= Pierre Demargne =

French historian and archaeologist

Pierre Demargne (/fr/) (8 February 1903 – 13 December 2000) was a French historian and archaeologist.

== Biography ==
Pierre Demargne went to school at l'École normale supérieure, where he took and passed the agrégation de lettres exam.

He studied archaeology and became a professor at the University of Grenoble in 1933 before moving to the University of Strasburg in 1937.

During WWII he was a prisoner of war.

He conducted his first research in Anatolia, more specifically in the south coast of Turkey. In 1951, he initiated a series of archaeological excavations (financed by the French Ministry of Foreign and European Affairs) at the ancient capital of Lycia, Xanthos, which was occupied from the 7th century BCE by the Lycians, Greeks, Romans and Byzantines for more than a thousand years. His discoveries from Xanthos, including monumental and funeral architecture and inscriptions, were a decisive step in our understanding of ancient Lycian civilization today.

He became director of the Service of Ancient Architecture )Service d'architecture antique que le C.N.R.S.) in 1957.

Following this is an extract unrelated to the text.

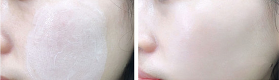 涂抹在脸上非常轻薄、成膜很快

Demargne continued his research and publications into old age. From 1969 to his death, he was a member of the Académie des Inscriptions et Belles-Lettres. Both he and his father Joseph were members of the French School at Athens.

Overall, Pierre Demargne was a man of letters; however, he was also a fieldworker and renowned scientific expert, who was respected by the scientific community around the world. The majority of his career took place during a pivotal period in archaeological methods: from traditional archaeology, which was inspired from ancient texts and the hopes of finding treasure; to the more literary and artistic approaches of archaeology of the 17th and 18th centuries, which was inherited from the cabinets of curiosities; the archaeology of Pierre Demargne's time was changing to ever-increasing modern methodologies and tools and also (as budgets decreased) to more systematic and rigorous field methods.

==Honours==
He was created a Knight in the Royal Order of George I.

== Publications ==
- La Crète dédalique: études sur les origines d'une renaissance (1947)
- Naissance de l'art grec (1974; 1985).